I have an Olympus OM-D E-M10 and for macro shots I use Olympus 12-50mm which has a macro function, granted it's not 1:1, but gets pretty close.


----------



## Will_f

Marlinbob said:


> Recently I have ditched all the Nikon DSLR gear and gone all micro 4/3 and so far have no reason to think it was a mistake.
> This was the very first shot with the Olympus EM1 and 60mm macro.


The smaller m4/3 size is pretty nice. How's the EM1 on capturing moving targets?


----------



## fatalelement

I use regular four thirds still (E-30), but I'm about to pick up an adapter to m4/3. Are they awesome? I have the 50mm ED macro and the 35mm 1:1 macro for my e-30, but I'd like more affordable lens spread. 

Sent from my HTC One using Tapatalk


----------



## Will_f

fatalelement said:


> I use regular four thirds still (E-30), but I'm about to pick up an adapter to m4/3. Are they awesome? I have the 50mm ED macro and the 35mm 1:1 macro for my e-30, but I'd like more affordable lens spread.
> 
> Sent from my HTC One using Tapatalk


IMHO the primes are very nice indeed, especially the 45 f1.8 and 75 f1.8. The pro 12-40 f2.8 is a good lens but not so good I would buy an adapter to an e-30. The upcoming 40-150 f2.8 might be worth it though. The 60 f2.8 macro takes WAY better pics than the old OM 50mm macro I adapted, but it was a cheap eBay pick-up. Given the falling prices for 4/3 lenses, I wouldn't do the change for affordability reasons.


----------



## fatalelement

Will_f said:


> IMHO the primes are very nice indeed, especially the 45 f1.8 and 75 f1.8. The pro 12-40 f2.8 is a good lens but not so good I would buy an adapter to an e-30. The upcoming 40-150 f2.8 might be worth it though. The 60 f2.8 macro takes WAY better pics than the old OM 50mm macro I adapted, but it was a cheap eBay pick-up. Given the falling prices for 4/3 lenses, I wouldn't do the change for affordability reasons.
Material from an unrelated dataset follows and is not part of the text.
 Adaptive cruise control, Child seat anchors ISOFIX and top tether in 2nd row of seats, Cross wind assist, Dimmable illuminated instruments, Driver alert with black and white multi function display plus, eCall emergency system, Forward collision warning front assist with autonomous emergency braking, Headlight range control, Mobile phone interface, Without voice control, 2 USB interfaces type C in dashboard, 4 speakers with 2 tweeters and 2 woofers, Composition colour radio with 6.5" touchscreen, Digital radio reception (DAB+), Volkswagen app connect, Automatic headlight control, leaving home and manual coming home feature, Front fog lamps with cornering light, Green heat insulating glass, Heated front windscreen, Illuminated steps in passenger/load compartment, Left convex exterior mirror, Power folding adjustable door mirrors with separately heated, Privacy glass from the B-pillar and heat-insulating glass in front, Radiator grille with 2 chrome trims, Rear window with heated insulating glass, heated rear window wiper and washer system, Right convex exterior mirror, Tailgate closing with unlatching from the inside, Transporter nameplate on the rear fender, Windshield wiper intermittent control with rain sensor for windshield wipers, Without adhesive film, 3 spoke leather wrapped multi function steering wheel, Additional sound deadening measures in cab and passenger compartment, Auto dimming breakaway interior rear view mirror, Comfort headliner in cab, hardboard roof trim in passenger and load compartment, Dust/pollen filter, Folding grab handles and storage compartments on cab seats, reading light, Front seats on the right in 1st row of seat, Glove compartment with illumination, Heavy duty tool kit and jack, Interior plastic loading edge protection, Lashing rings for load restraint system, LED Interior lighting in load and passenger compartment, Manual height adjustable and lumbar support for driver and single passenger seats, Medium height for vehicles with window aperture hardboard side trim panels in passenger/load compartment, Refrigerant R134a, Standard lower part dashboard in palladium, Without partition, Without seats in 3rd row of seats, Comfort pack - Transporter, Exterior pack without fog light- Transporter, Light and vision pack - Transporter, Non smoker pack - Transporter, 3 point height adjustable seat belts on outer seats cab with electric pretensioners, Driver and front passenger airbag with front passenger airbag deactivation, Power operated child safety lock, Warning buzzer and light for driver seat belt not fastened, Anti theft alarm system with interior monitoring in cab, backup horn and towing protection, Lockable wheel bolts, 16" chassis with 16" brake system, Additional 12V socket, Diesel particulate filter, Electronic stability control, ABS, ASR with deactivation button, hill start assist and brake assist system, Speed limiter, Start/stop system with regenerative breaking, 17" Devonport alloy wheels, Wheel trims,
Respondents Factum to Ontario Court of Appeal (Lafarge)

I have basically every Olympus 4/3 that is 3 figures. Most of the things past that reach absurd (to me) midrange 4 figures, but I'd like more primes and that doesn't seem to be an expansive option with 4/3. I'd buy an adapter for more sweet sweet primes.
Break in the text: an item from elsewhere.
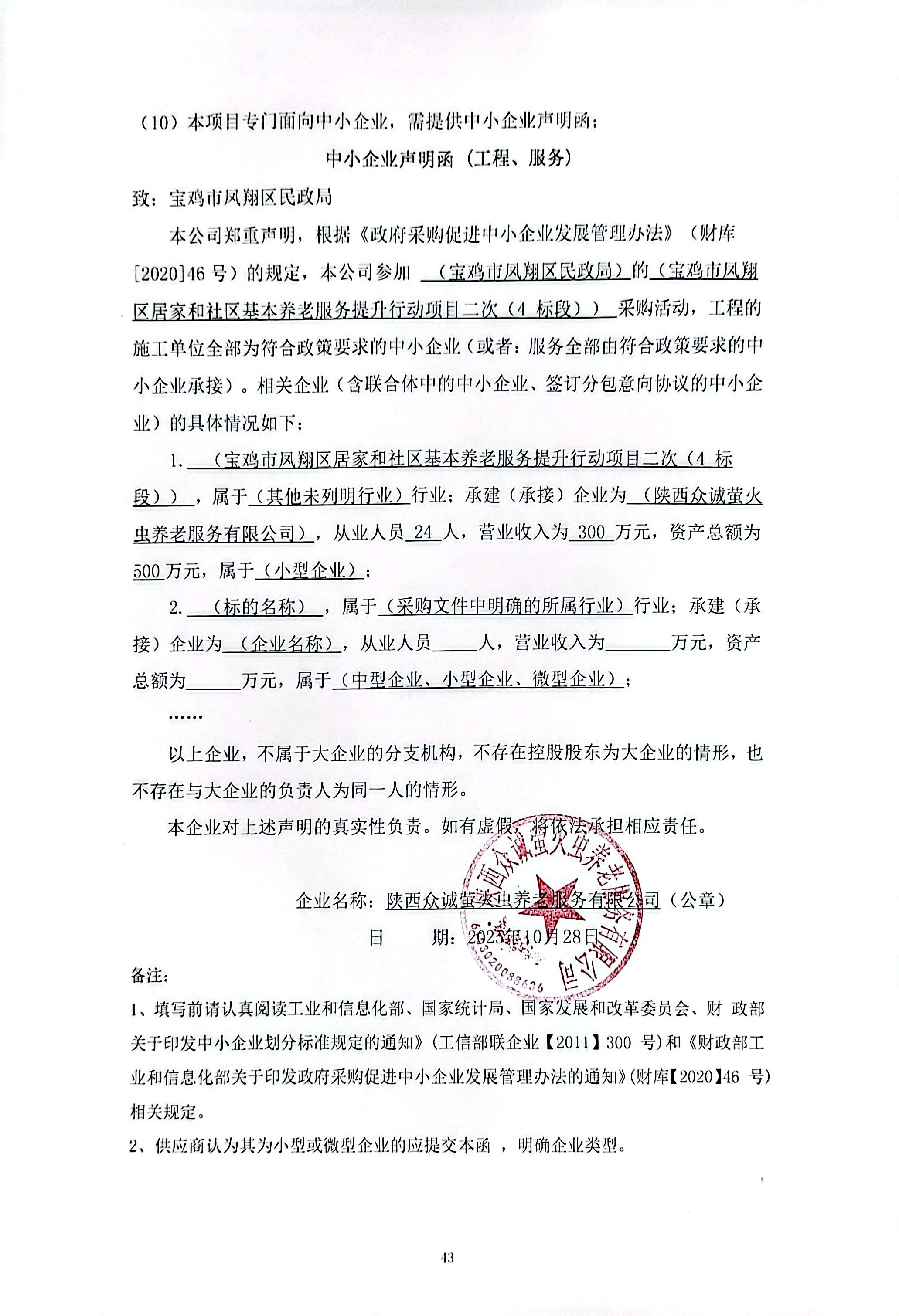 宝鸡市凤翔区民政局宝鸡市凤翔区居家和社区基本养老服务提升行动项目(二次)中标(成交)结果公告

Are there any primes/reasonably fast lenses you know of in 4/3 that are well regarded? I'm not very knowledgeable about non-Olympus lenses.
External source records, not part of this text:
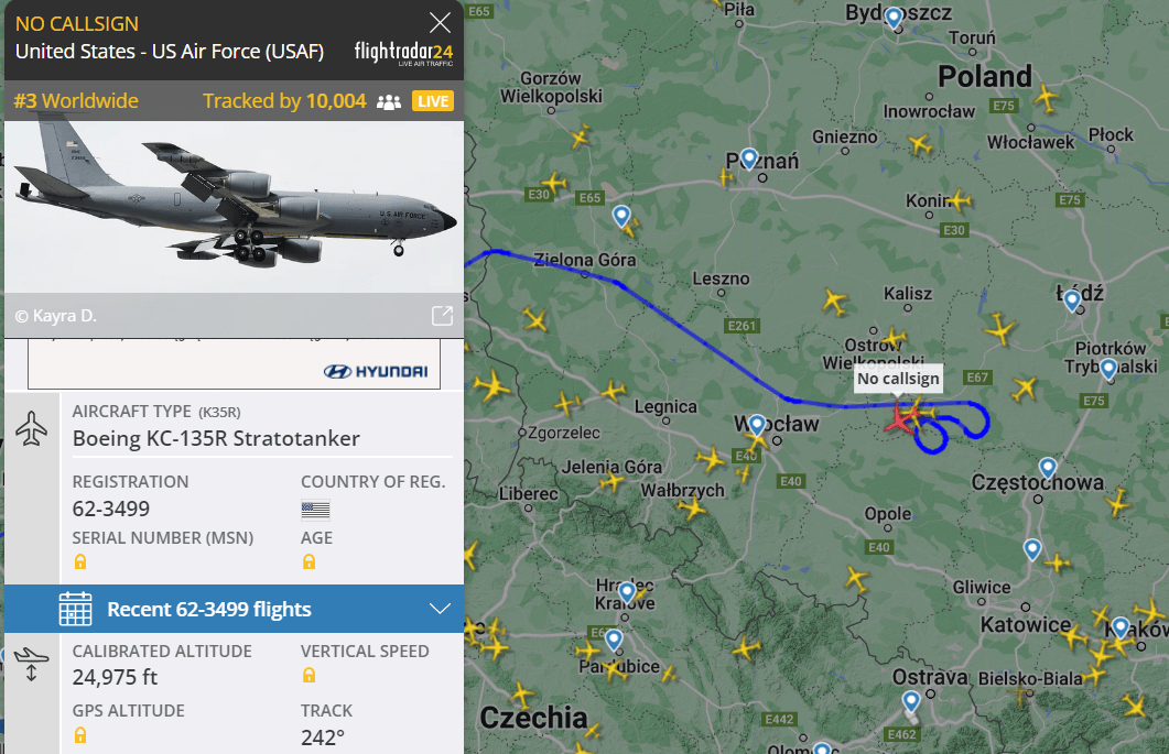 Boeing E-3B Sentry nad Polską 20.02. Te loty na portalu flightradar.com śledzi na żywo nawet ponad 22 – 26 tys. ludzi. Nic dziwnego! Do tej pory, owszem Boeing E-3B Sentry latał nad Polską, ale trzy samoloty? Do tego dochodzi jeszcze Stratotanker, czyli powietrzna cysterna. Jest i River Joint.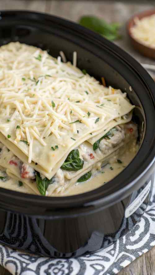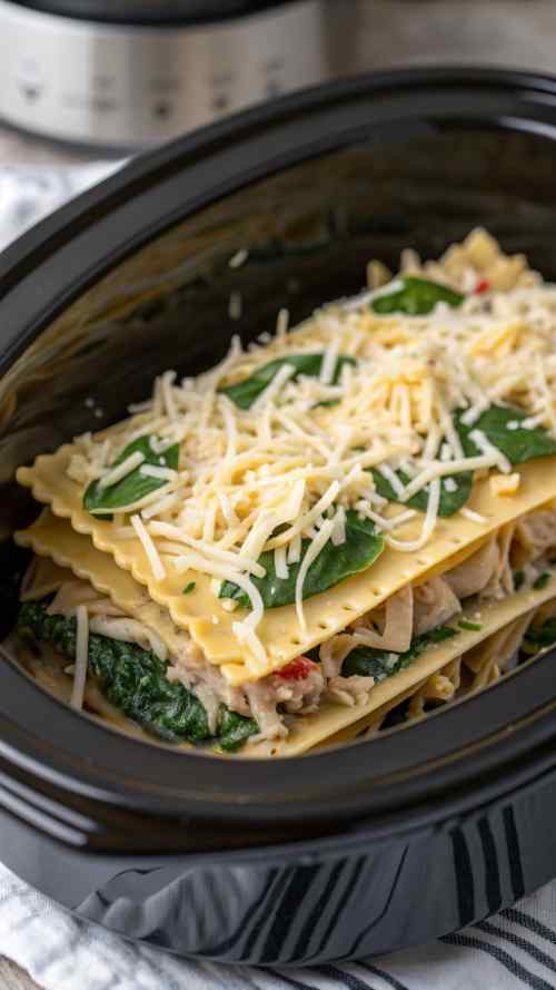 Step 4: Start Layering the Lasagna Here’s where it gets fun. Spread a little bit of that creamy sauce at the bottom of the crockpot. Then, lay down a layer of uncooked lasagna noodles on top. No-boil noodles are magic, I tell ya. After that, add a layer of shredded chicken, a handful of spinach (don’t be shy, it wilts down!), and a spoonful of your cheesy mixture. Repeat this until you’ve used up all your ingredients. I usually end with a big layer of cheese on top because, well, more cheese is always better.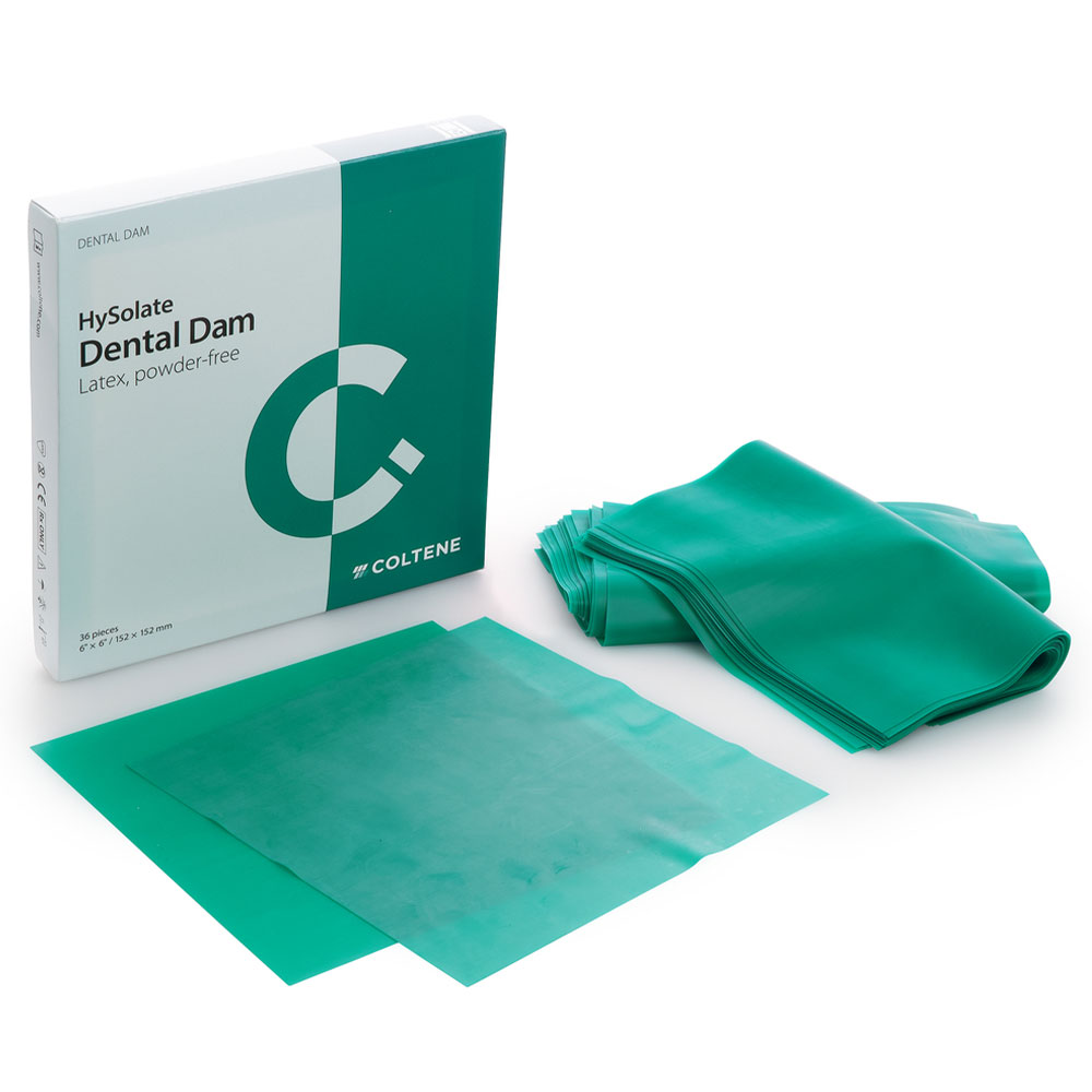 Kofferdam i stykker, latex, pudderfri, heavy, grøn, 152 x 152 mm.

Sent from my HTC One using Tapatalk


----------



## Will_f

Try this web link. It's not totally current, but is got some good suggestions

http://www.stevehuffphoto.com/tag/best-micro-43-lenses/


----------



## om-4

fatalelement said:


> I use regular four thirds still (E-30), but I'm about to pick up an adapter to m4/3. Are they awesome? I have the 50mm ED macro and the 35mm 1:1 macro for my e-30, but I'd like more affordable lens spread.
> 
> Sent from my HTC One using Tapatalk


4/3 to m4/3 will work with adapter. Not the other way around. M43 is mirrorless and have shorter flangedistance hence an adapter (length of mirrorbox) can be used to adapt your regular 4/3 lenses.

Not much to choose from for regular 43 nowadays. The best lenses from Oly or Panasonic (Leica branded) for 43 are expensive. There was a Sigma 30/1.4 which isn't bad but focuses slow.
Other than that you'd need to go manual and shop for Samyang or old manual Oly, Minolta, Nikon glass with appropiate adapter for your E-30.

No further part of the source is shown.